Hello again! Long time no talk. I apologize for that and I've missed writing on this little blog, but I'm finally feeling like now I have a second to breath. Man, moving across the country really takes a lot out of you. It has only been a little over a week since I have arrived but this experience has been very mentally, emotionally and physically draining. Don't worry, all of these feelings are worth it because I am still incredibly happy to be here and the excitement is still outweighing the scared and overwhelmed, which I am taking as a good sign.
My mom left on Saturday morning to go back to Wisconsin but before that our week was completely full of going in and out of the city, going to house showings, and lots of family members we needed to see before she left. It has been a whirlwind to say the least. Last Monday I met with a company in downtown San Francisco, filled out paperwork with HR and I now officially start my first job in my new city this Wednesday! I'll be working as a restaurant server in a hotel and its in a super fun part of the city so I can't wait to get that going. Not to mention, making money will be very nice, but I'm just so thankful because I prepared myself for a much longer job hunt.
Now that the job aspect of my life is figured out (for now) I have moved onto the housing search. I'm currently living with my Aunt and Uncle who live in a suburb outside of San Francisco. Once again, I'm so thankful that I have this housing option right now, but my heart is truly calling me to live within the city of San Francisco so that is the next detail I am trying to figure out. This is proving to be an interest part of the puzzle because housing is expensive, competitive, and there are so many neighborhoods all with their own unique style and reputation. Its definitely forcing me to do a lot of research about the neighborhoods, be vulnerable and put myself out there when contacting potential roommates, and try to have a whole lot of patience. I just want to find a place I am comfortable, with roommates I can trust so that I can start my life in the city but once again, this will take time and I just need to trust that it will all fall into place when it is meant to.
I wish I had more pictures to share with you but my mind has been so full and I've felt so busy that being a photographer has been kind of pushed to the side in the past week. Not to mention that I haven't really gotten a ton of chance to just explore and do fun things within the city, so once I have more time for that expect a lot of photographic peeks into my new life.
If right now you're picturing me as a ball of stress and total mess of a person don't worry I'm not that far gone yet.

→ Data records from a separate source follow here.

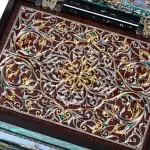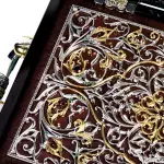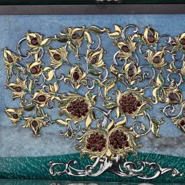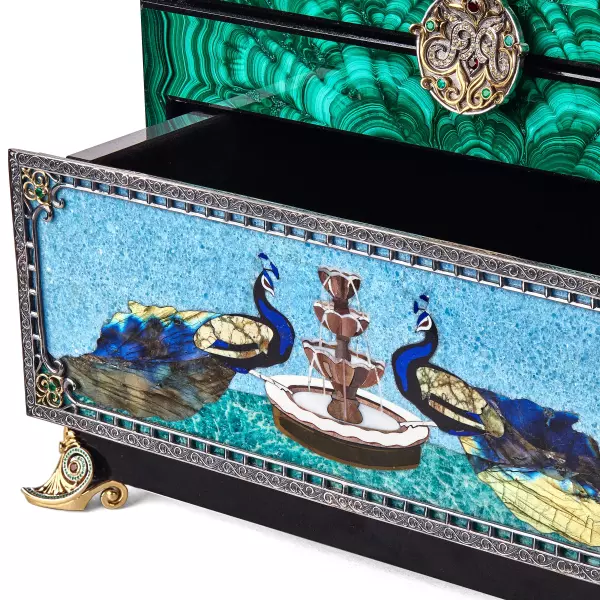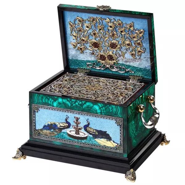 Композиция раскрывается как многослойный художественный рассказ. Внутренняя сторона крышки украшена гранатовым деревом — древним символом семьи, изобилия и продолжения рода. Плоды выполнены из натуральных гранатов, листья — из изумрудов, а сверкающие акценты создают бриллианты, придающие изображению глубину и живое мерцание. На внешней панели размещено мозаичное изображение павлинов у фонтана — символов красоты, достоинства и долголетия. Эта сцена, собранная из ярких самоцветов, придаёт ларцу особую декоративную выразительность и усиливает его символическое содержание.
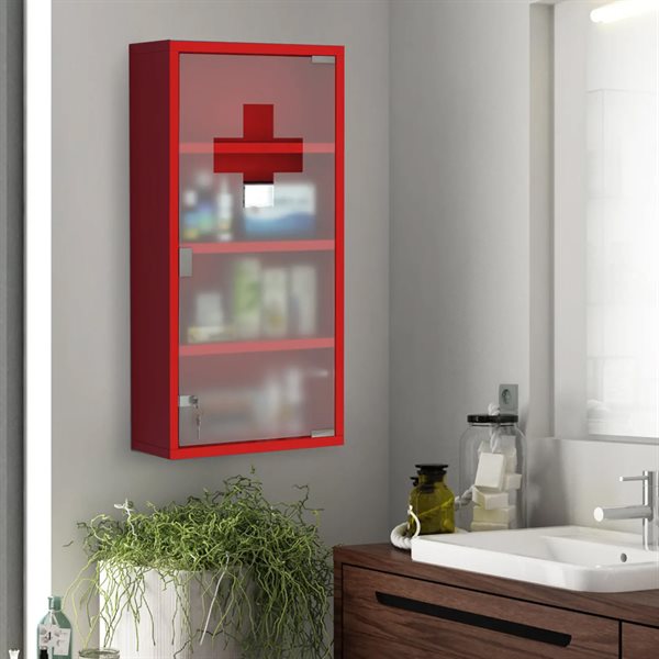 Medicinskåp i stål med frostad glasdörr / låsbart apoteksskåp / väggskåp med 4 hyllor - Röd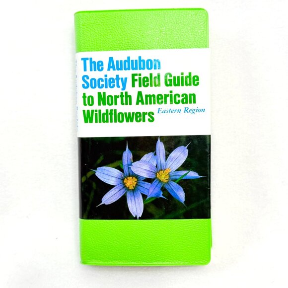 A comprehensive softcover vinyl field guide for identifying North American wildflowers (Eastern division) featuring 700 full color vibrant identification photos, scientific details, and compact design for easy portability.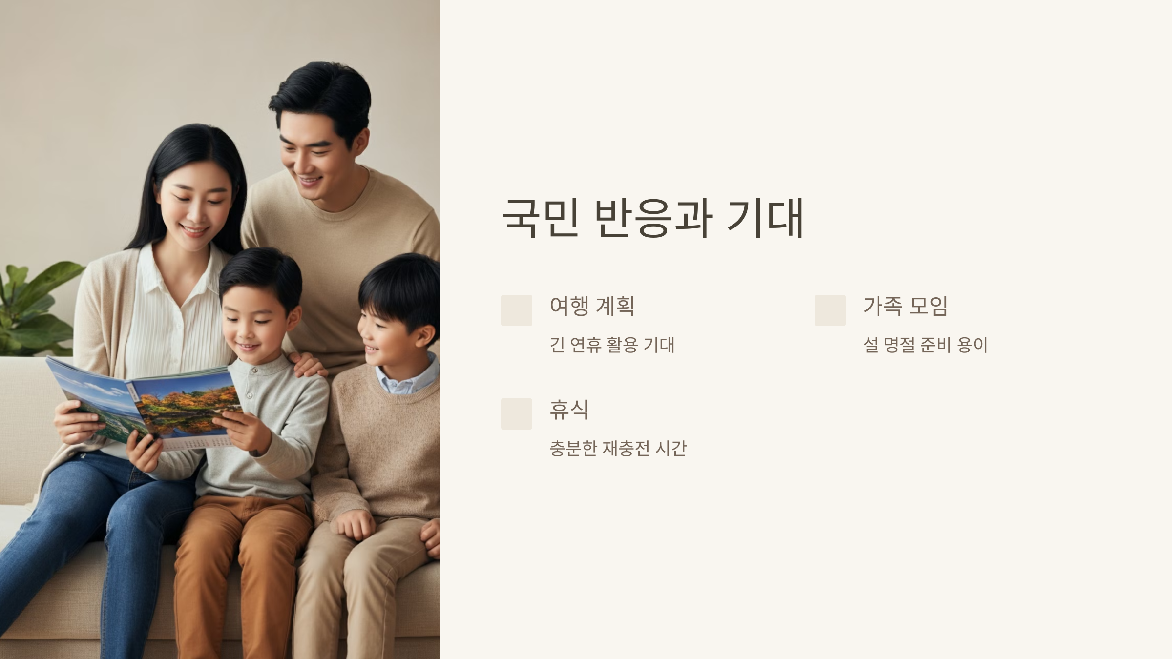 국민들은 이번 임시공휴일 지정 검토에 대해 큰 관심을 보이고 있습니다. 특히, 긴 연휴를 활용한 여행 계획이나 가족 모임 등을 준비하는 분들에게는 희소식이 될 전망입니다.

I did get to spend some time doing things I love and the family time has been a true lifesaver. In the past week I've eaten some great food, and I don't usually take pictures of it but I did want to show you the soup I had once. It was smoked salmon, brown rice and a bunch of veggies, but the interesting part was the broth was a green tea that you poured in from a little kettle. I just thought that was such a good idea.

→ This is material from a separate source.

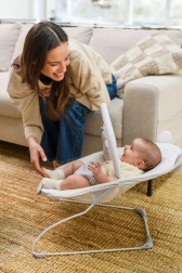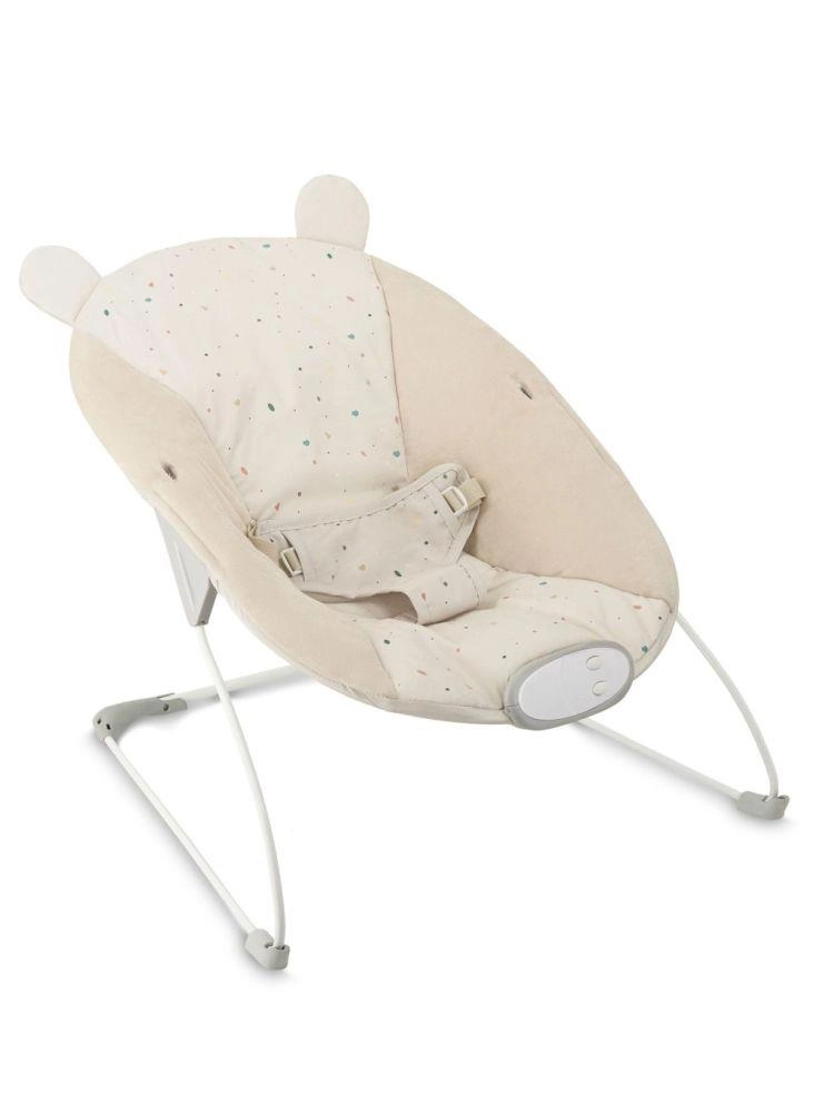 De afneembare speelboog met twee sensorische speeltjes ondersteunt de ontwikkeling van zicht en tast, terwijl de 3-puntsgordel en stabiele poten met antislipdoppen voor veiligheid zorgen. De hoes haal je eenvoudig af en was je in de wasmachine – zo blijft het ligstoeltje schoon en klaar voor dagelijks gebruik.

I also got to celebrate my Uncle's birthday (like 4 times), tried espresso for the first time (it was delish!), went on a couple lovely hikes, and attended my first family dinner (which happens every Sunday night and can be up to 30 people!) which made me feel so welcomed. I wish I had enough time to paint and having a painting of the week to share, but this just happens to be one of those times where life is a little too busy. And I'm not beating myself up over it so that's a good thing. I did start painting the other night though and it felt so good to have a brush in my hand again! I'm going to try really hard to having a painting to show next Monday, but with starting a new job and my living situation possibly in flux, I'm not going to make any promises.

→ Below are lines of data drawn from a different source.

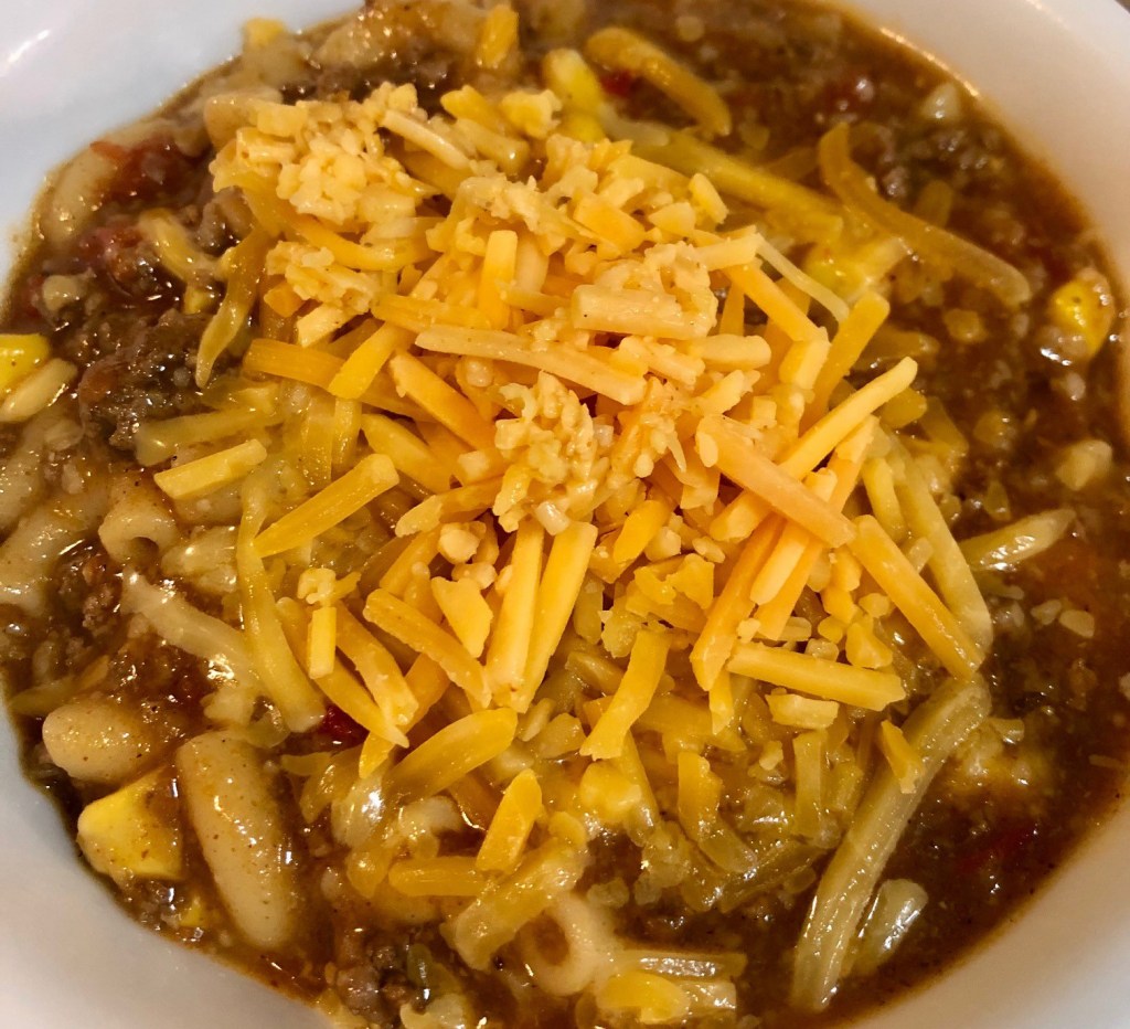 That’s true. When I made taco soup for the 224 who came through Norwood United Methodist Church’s free meal ministry on January 15, I opted for plain canned corn but added chopped fresh green bell pepper for extra color and nutrition. I also made a small batch for vegetarians, substituting canned black beans for the ground beef.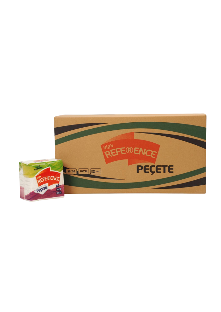 Reference Kare Peçete, günlük kullanım ve özel davetler için ideal, kare şeklinde tasarlanmış kağıt peçetelerdir. Bu ürün, her biri 100 adet peçete içeren 24'lü paketler halinde sunulur, bu da toplamda 2400 adet peçete alacağınız anlamına gelir. Peçetelerin açık hali 30 cm x 30 cm boyutlarındadır. Pratik ve ekonomik bir çözüm sunan bu peçeteler, evde, ofiste veya toplu etkinliklerde hijyenik ve kullanışlı bir seçenektir.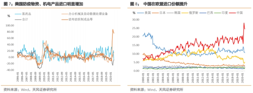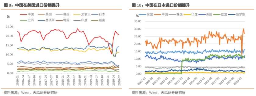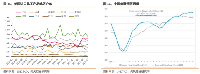 既有需求结构的变化,又有份额替代效应。疫情之下海外防疫物资、“宅经济”相关的进口需求大幅增长,这恰好是中国优势较大的产品。由于疫情错位和产业链优势,中国的出口份额也在提升,不仅体现在防疫物资、“宅经济”,也体现在化工、钢材、家具等其他产品,对发达国家、发展中国家都有一定的替代。此外,我们从前面的集装箱停靠量亦可以看出,中国、东南亚外贸恢复最好,而其他地区依然远低于去年同期水平。

Whew, this maybe got a little long winded but I just wanted to give a little update about what is going on in my life after living in California for one week. It still feels surreal that this is my new home. Its been one emotional week, and at times I've felt so overwhelmed I didn't know how to deal, but this is life and I'm learning how to get through it one day at a time. With exciting opportunities comes scary change and I'm accepting that no matter how hard I try, I probably will never feel fully ready for times like this. I'll be okay though, and when times get a little rough, I've been reminding myself to practice what I preach and give myself permission to not have everything figured out. Oh, and being able to walk outside in a t-shirt, drive with the windows down, and feel the sun warm my skin are helping to remind me that this is where I should be, best encouragement ever.